As it nears the end of its second decade, the International Space Station is gathering steam. The large orbital lab offers private companies the chance to test business ideas in microgravity, serves as a testbed for astronaut health and allows NASA to prove technologies for future deep space missions.
One of the critical technologies NASA will need if it really sends humans beyond the Earth-Moon system within the next few decades is more powerful computers capable of operating in deep space. Currently, the main command computers serving the space station use Intel i386 processors. That’s fine for the station, though, because all of its critical systems are monitored 24 hours a day by ground controllers who can work with the crew in real time to resolve any issues.
As humans travel to Mars, they will experience increasing communication delays — up to more than half an hour — between Earth and their spacecraft. In that situation, the astronauts will likely become more dependent on more powerful computers and artificial intelligence to make critical course corrections or decisions within seconds or minutes.
However, a “smart” spacecraft requires a significantly more powerful and robust computer. So NASA and Hewlett-Packard Enterprise (HPE) took the first step in that direction by launching a “supercomputer” to the International Space Station. It will launch into space as early as Monday aboard SpaceX’s next resupply mission to the station.

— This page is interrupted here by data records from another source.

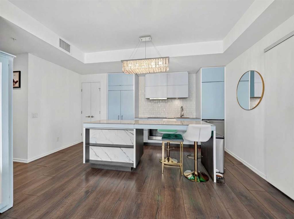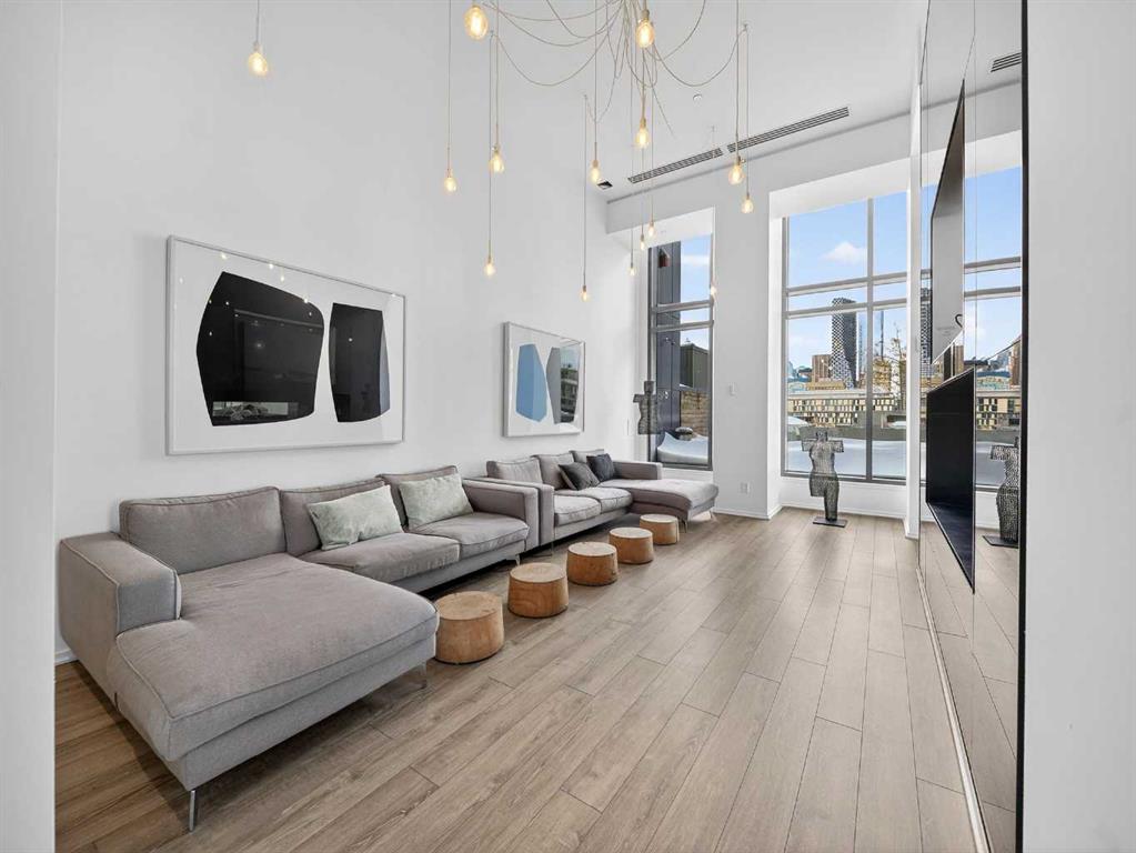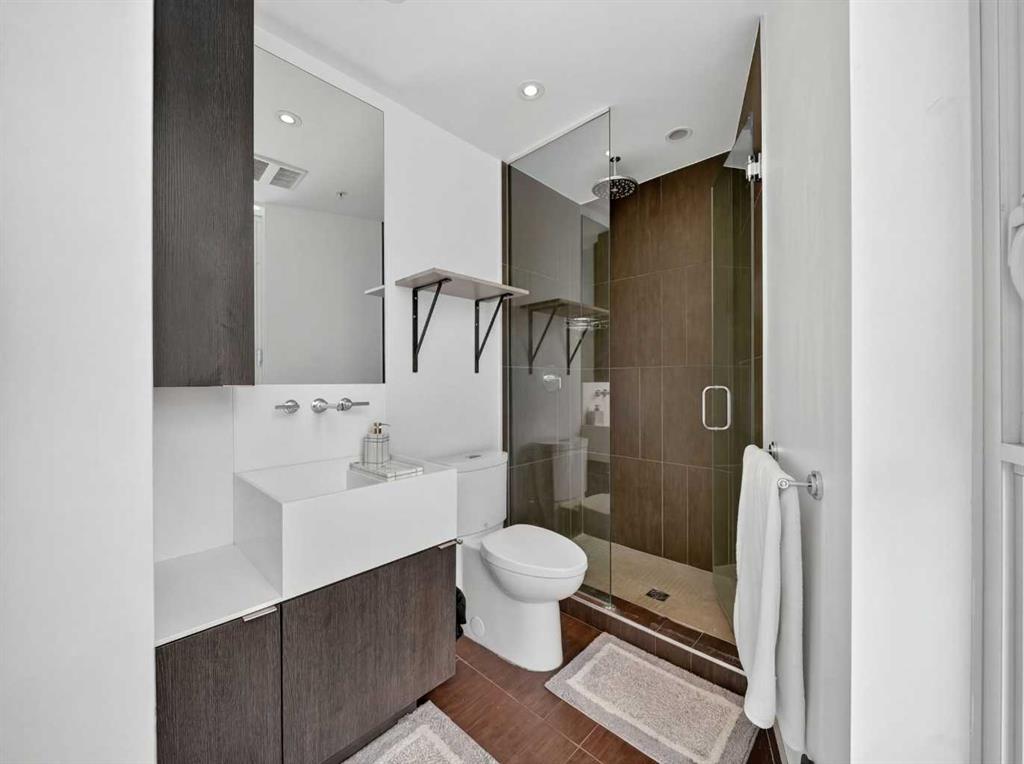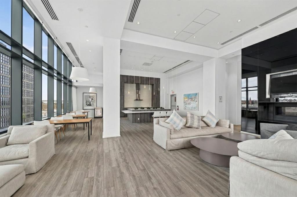 This is downtown living at its best. Welcome to this stunning corner unit in The Verve, located in the heart of East Village — one of Calgary’s most vibrant and walkable communities. This modern 2-bedroom, 2-bathroom condo features floor-to-ceiling windows with panoramic west-facing views, an open-concept layout flooded with natural light, and a sleek kitchen complete with quartz countertops, built-in oven, electric cooktop, and fully integrated appliances. The bright corner primary bedroom offers a stylish 3-piece ensuite, while the second bedroom is thoughtfully positioned on the opposite side of the unit beside a full 4-piece bathroom — ideal for guests, roommates, or a home office. Additional highlights include full-size in-suite laundry, central A/C, custom blinds, and a covered west-facing balcony with a BBQ gas line and space for patio furniture. The Verve offers exceptional amenities including full-time concierge, a fully equipped fitness centre, large social lounge with outdoor patio and fire tables, guest suites, bike storage, visitor parking, and a spectacular 25th-floor rooftop patio with breathtaking views of the downtown core, mountains, and river valley. All just steps from the River Walk, Bow River pathways, St. Patrick’s Island, Studio Bell, the Central Library, restaurants, cafés, and more. Underground titled parking and assigned storage included — an exceptional opportunity to own a premium corner unit in one of Calgary’s most desirable downtown locations.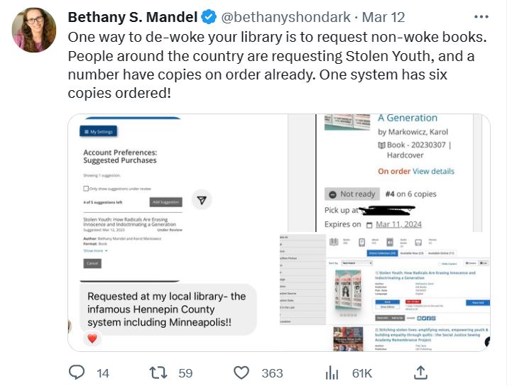 Back to Bethany’s book. Apparently, the book is being accepted into library systems across the country, with Bethany recently tweeting: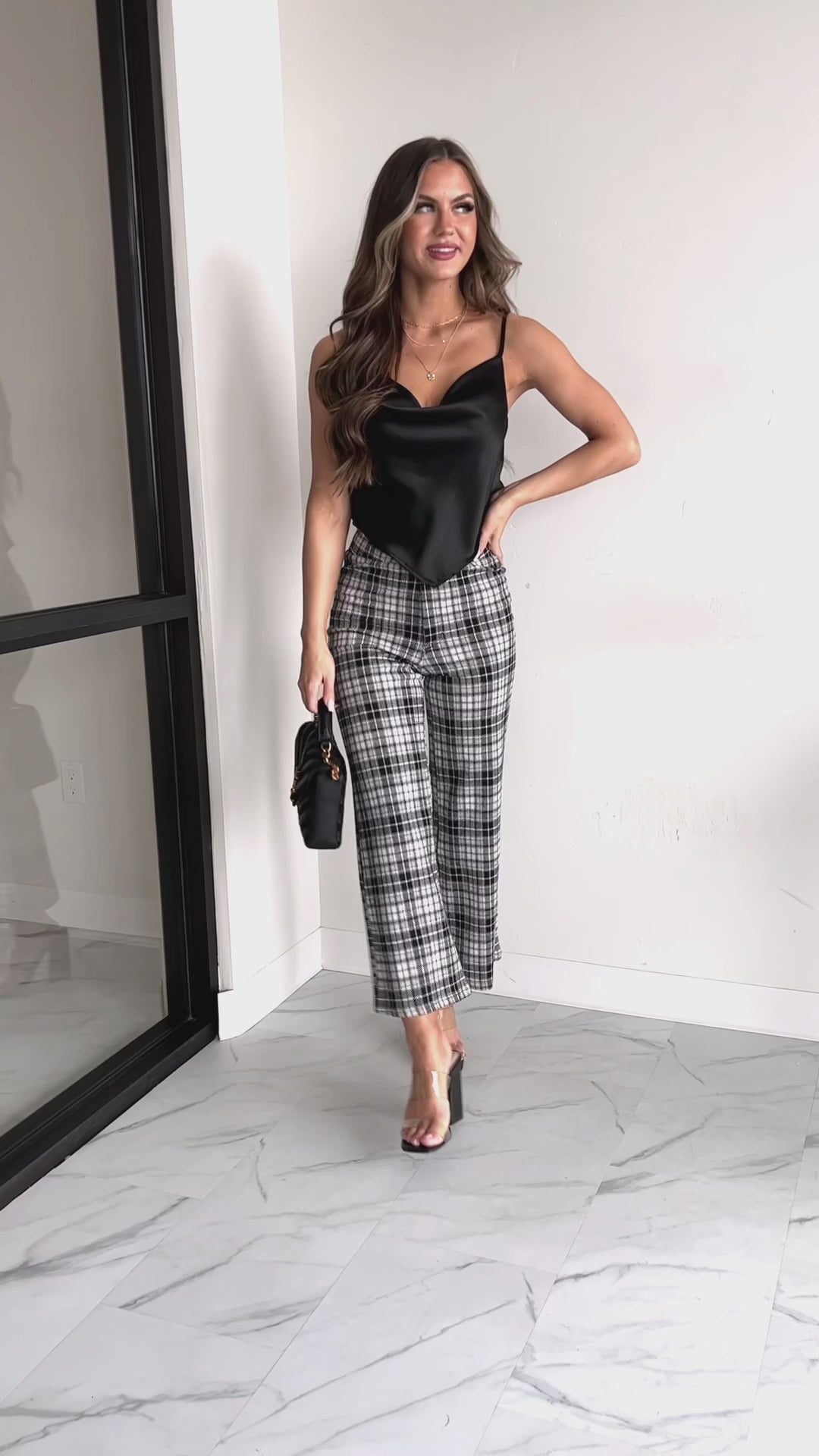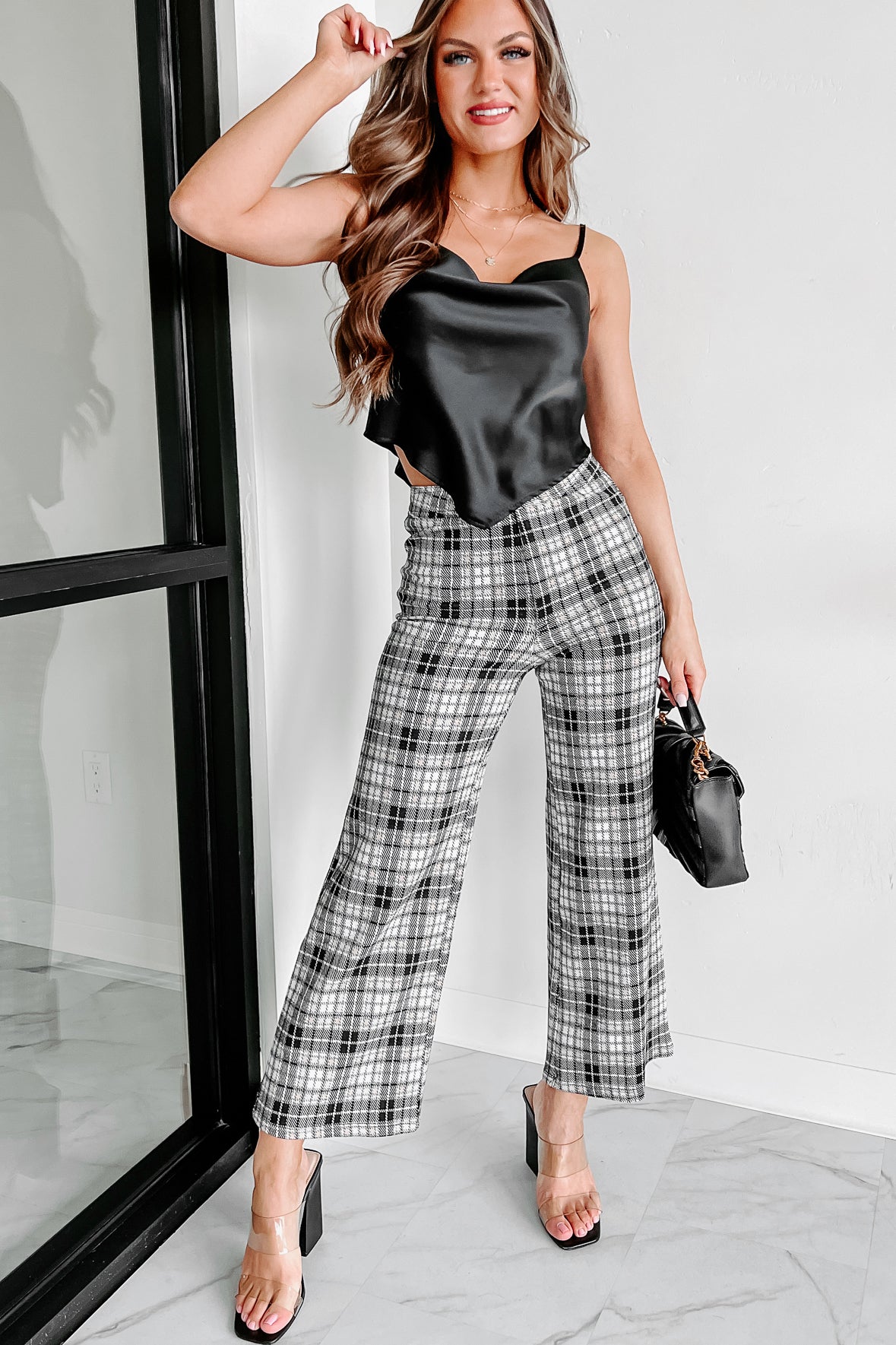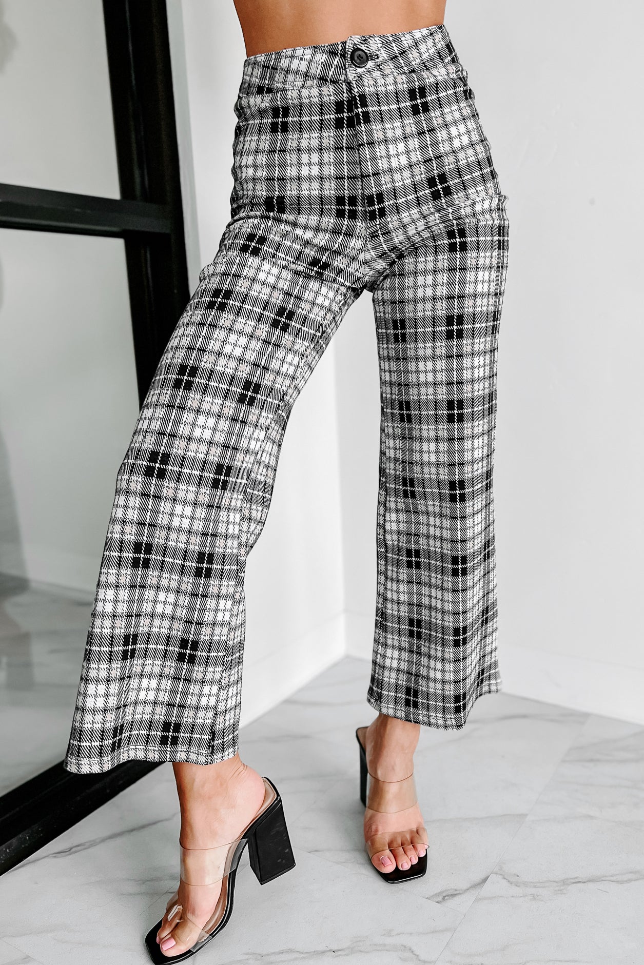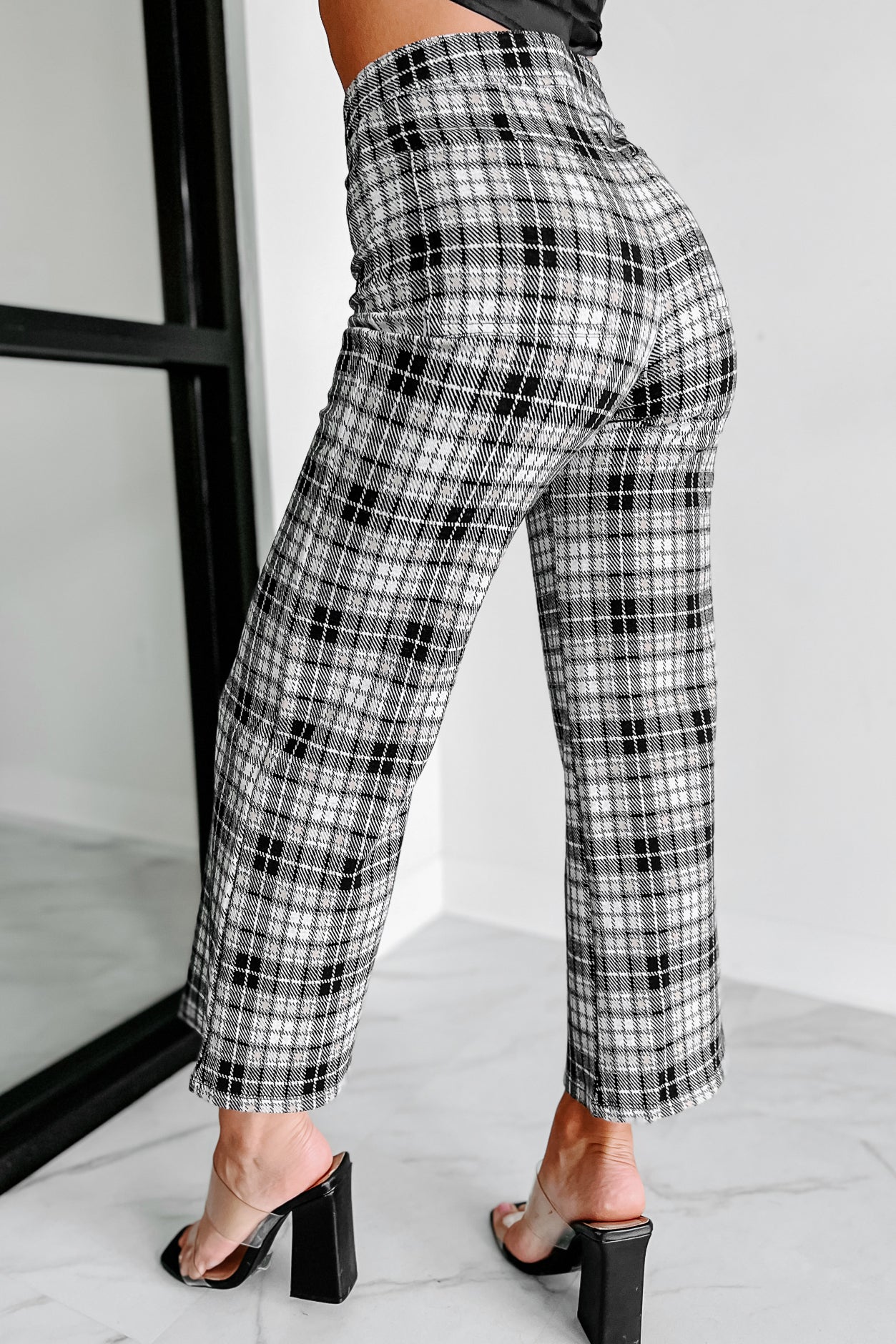 Superior Staple Plaid Wide Leg Pants (Black/Taupe) - NanaMacs

An experiment of 1 teraflop
“This goes along with the space station’s mission to facilitate exploration beyond low Earth orbit,” Mark Fernandez, HPE’s lead payload engineer for the project, told Ars. “If this experiment works, it will open up a universe of possibilities for high-performance computing in space.”
For the year-long experiment, astronauts will install the computer in a rack in the space station’s Destiny module. It’s about the size of two pizza boxes stuck together. And while the device isn’t exactly a state-of-the-art supercomputer — it has a computational speed of about 1 teraflop — it’s the most powerful computer sent into space. Unlike most computers, it is not hardened to the radiation environment aboard the space station. The goal is to better understand how the space environment will degrade the performance of an off-the-shelf computer.
Over the next year, the computer in space will continuously run through a series of computer benchmarks to determine its performance over time. Meanwhile, on the ground, an identical copy of the computer will run as a control in a laboratory.
If the test passes, it will open the door to using even more powerful computers aboard the space station and other spacecraft NASA is developing to send humans further into space. Fernandez said HPE also envisions scientists eventually being able to use an onboard supercomputer for data processing of their experiments at the station, rather than clogging the limited bandwidth between space and ground with raw data.